Note that the TWFE model includes a set of fixed effects for polling station (\(\alpha_{id}\)), as well as fixed effects for time period (\(\alpha_{year}\)).3

Thinking through what’s going on:

  • \(\alpha_{id}\) removes the influence of baseline differences between units that stay constant over time. Think of this as controlling for all time-invariant differences across polling stations.
  • \(\alpha_{year}\) removes the influence of temporal disturbances that affect all units equally within the same time period. Think of this as controlling for temporal shocks that affect all polling stations equally.
  • Finally, PTA implies that there are no time-varying confounders missing from the model

Thus, \(\delta\) gives us our estimate of the causal effect of the policy change on the treated (it’s an ATT).

Here’s another way of looking at it:

\[ \begin{cases} Y_{it}(0) & = \alpha_i + \alpha_t + \epsilon \\ Y_{it}(1) & = Y_{it}(0) + \delta \end{cases} \]

We can estimate the model using fixest::feols():

library(fixest)

twfe_mod <- feols(pp_vote ~ treated | id + year, data=dta)
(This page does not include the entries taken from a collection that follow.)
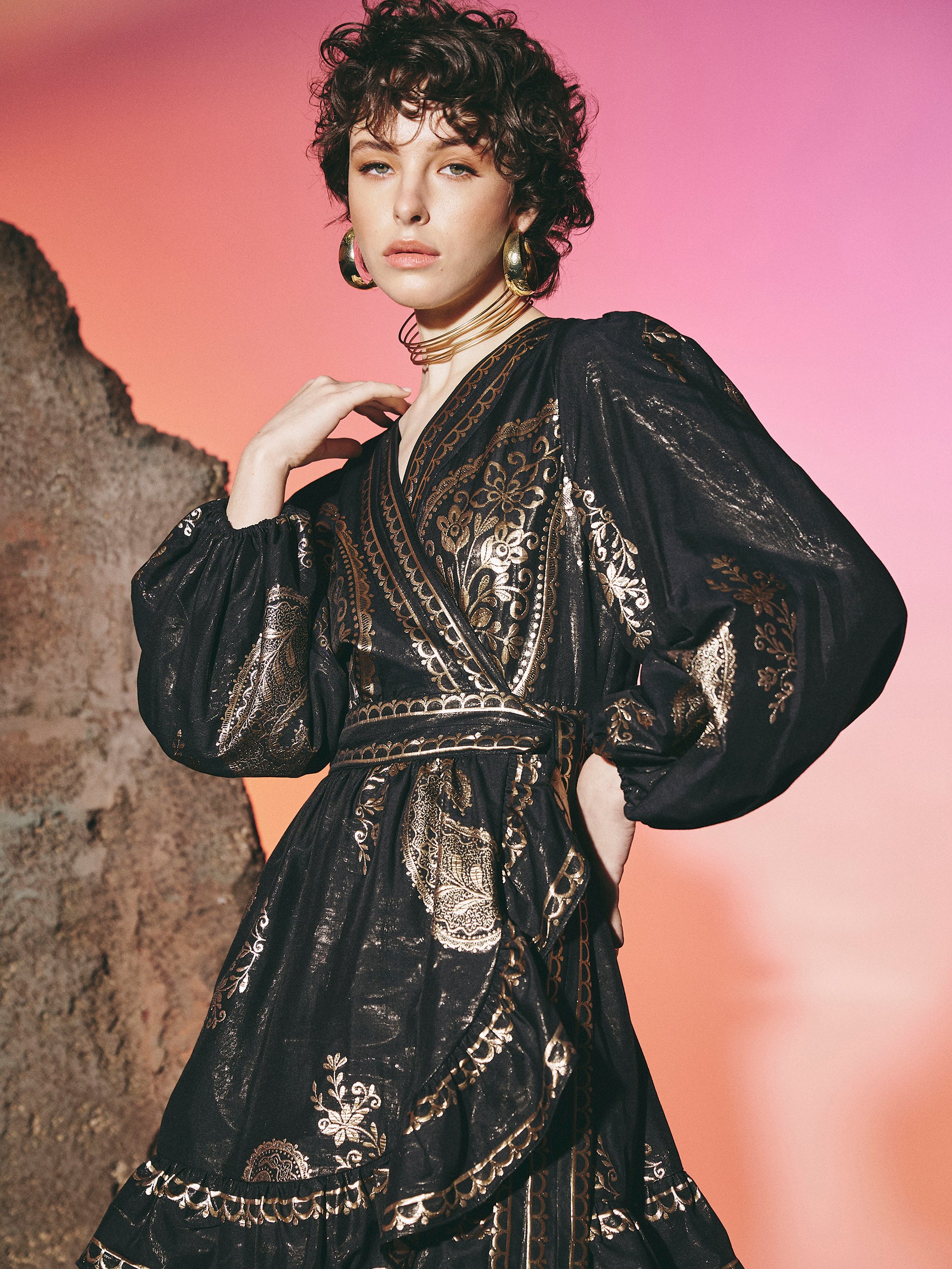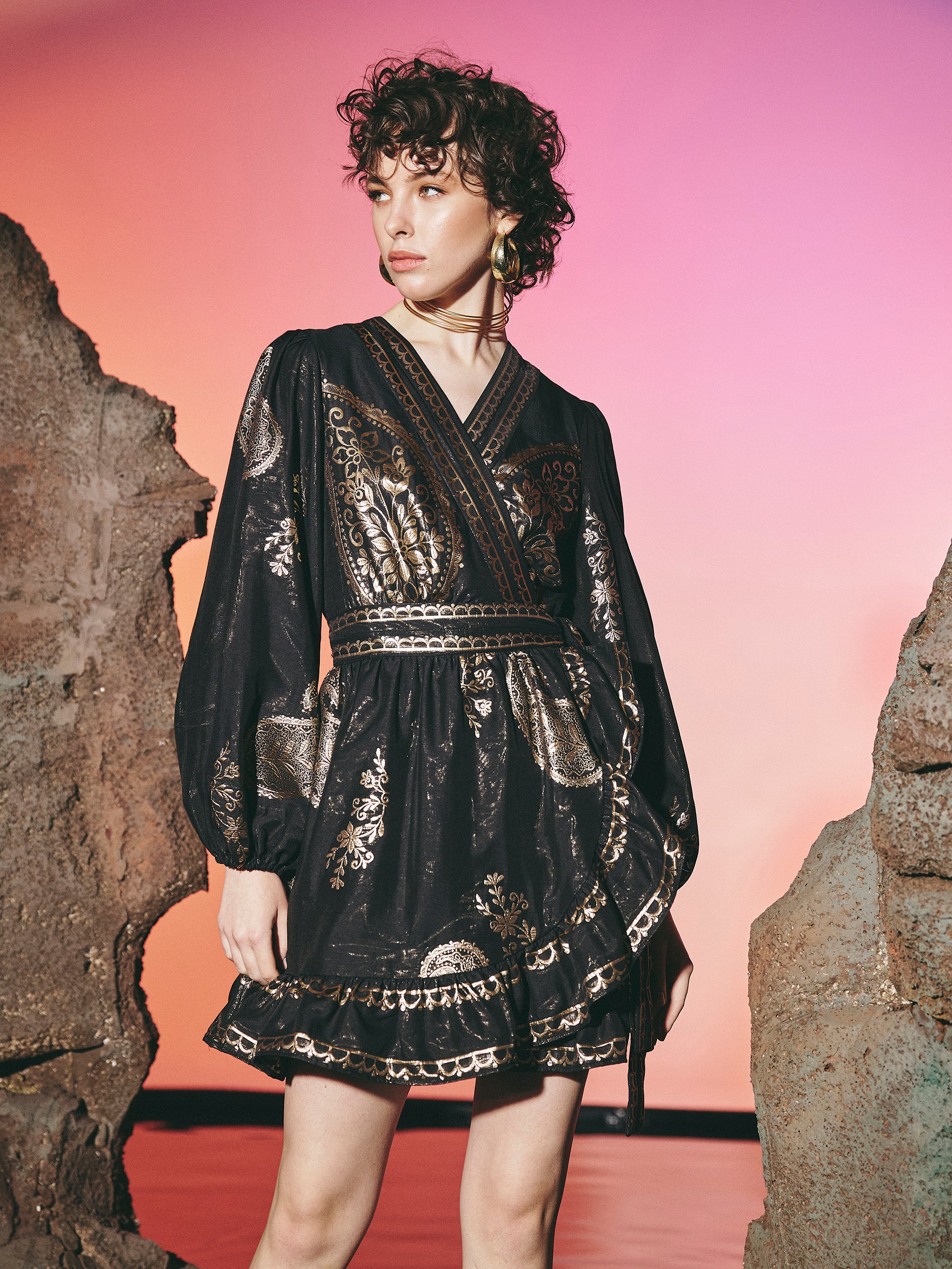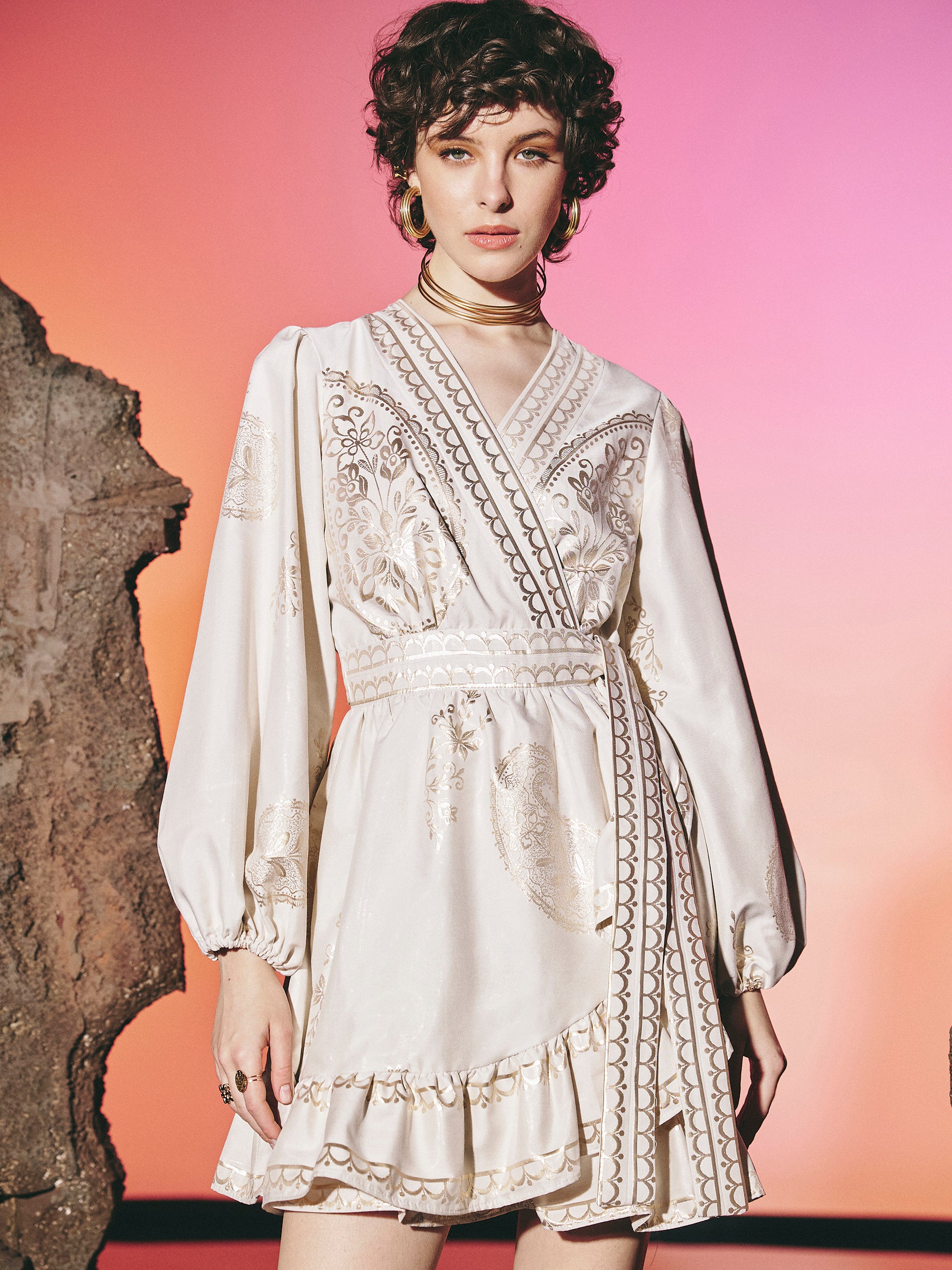 Lace mini dress in a wrap design featuring long balloon sleeves, a matching detachable belt, ruffled details on the hemline and embellished with a jacquard motif. Luxury pieces stand as a testament to meticulous craftsmanship and impeccable attention to detail. The exquisite artistry behind each piece ensures that you’re not simply purchasing a garment but rather a masterpiece.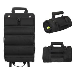 Kefeng ツールバッグ ツールロールバッグ 工具バッグ 車載工具 多機能 大容量 高耐久 6つ収納ポケット スパナ巻き袋付き 壁掛け式 肩掛けベルト 大工用 バイク用 作業用 車載 持ち運び便利 (ブラック) [並行輸入品]
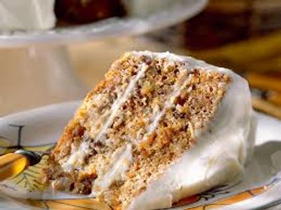 In a medium bowl, combine the dry ingredients (flour, baking soda, salt, cinnamon, nutmeg and ginger in medium bowl). In another, larger bowl, stir together the sugar and oil until the sugar is saturated by the oil. Beat in the eggs, one at a time. Add the flour mixture, and fold with a rubber spatula until just combined. When the flour’s almost stirred in, add the carrots, raisins, and walnuts, still being careful not to overmix. Divide batter equally among cake pans.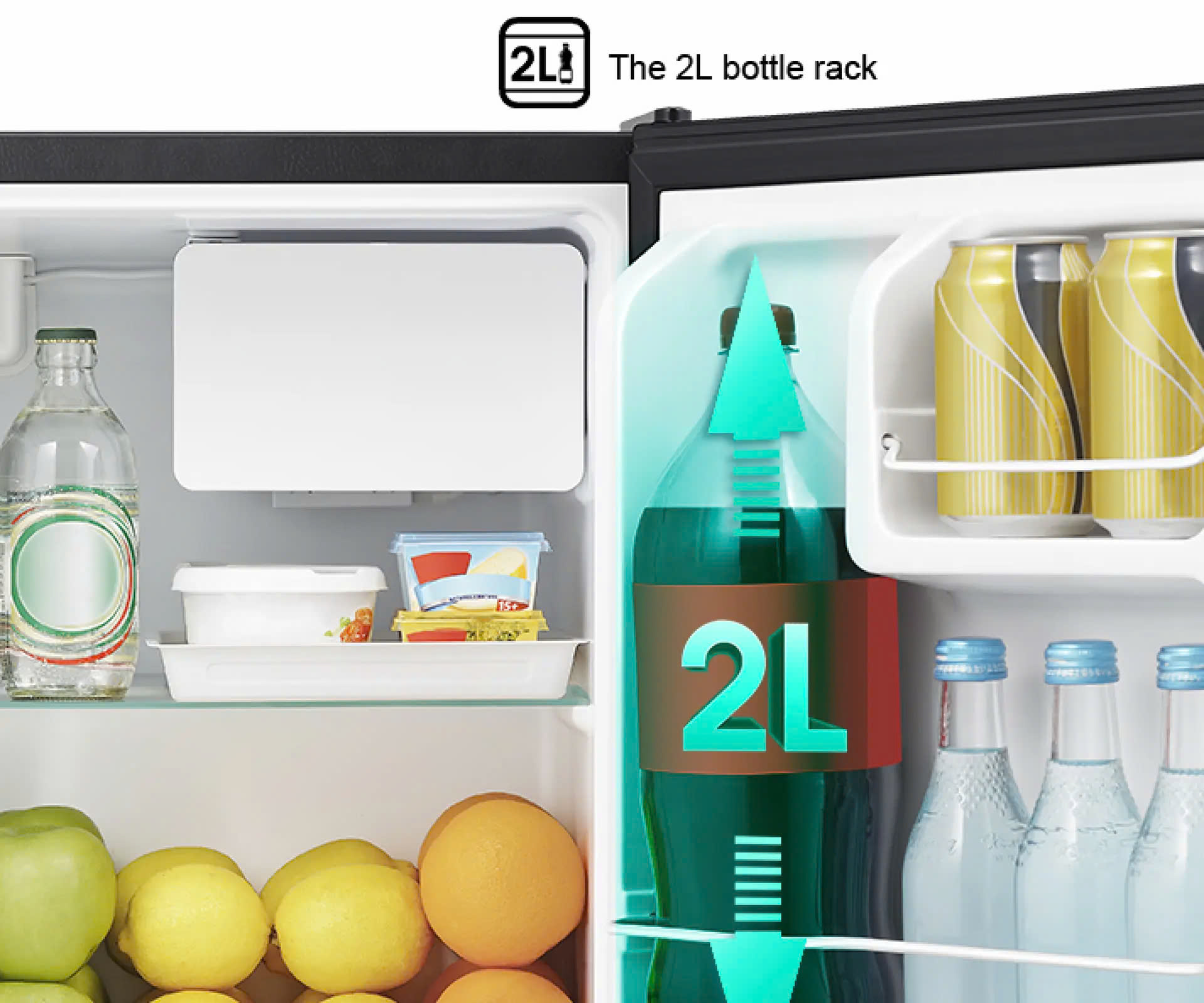 - Khay cửa tủ lạnh lớn với sức chứa chai nước 2 Lít

kable(tidy(twfe_mod), digits=2)
term estimate std.error statistic p.value
treated -2.07 0.12 -17.77 0

Note that feols() automatically clusters your standard errors within polling stations.

Here, the TWFE model gives the same answer as the DiD model, but we will see below that it’s also more flexible.


Between vs. Within Effects

How do fixed effects work again?

Suppose we are interested in the relationship between hours of exercise per week and the number of colds a person gets per year.

We collect data the following data on two people:

Note that we can actually “decompose” this data into two sources of variation: between and within:

person year exercise colds mean_colds mean_exercise within_colds within_exercise
Andy 2022 1 4 2.33 2.33 1.67 -1.33
Andy 2023 4 1 2.33 2.33 -1.33 1.67
Andy 2024 2 2 2.33 2.33 -0.33 -0.33
Bob 2022 5 7 5.67 6.33 1.33 -1.33
Bob 2023 8 4 5.67 6.33 -1.67 1.67
Bob 2024 6 6 5.67 6.33 0.33 -0.33

Here’s how that looks graphically:

We can see that even though the cloud is upward sloping, that’s mostly due to the between-variation.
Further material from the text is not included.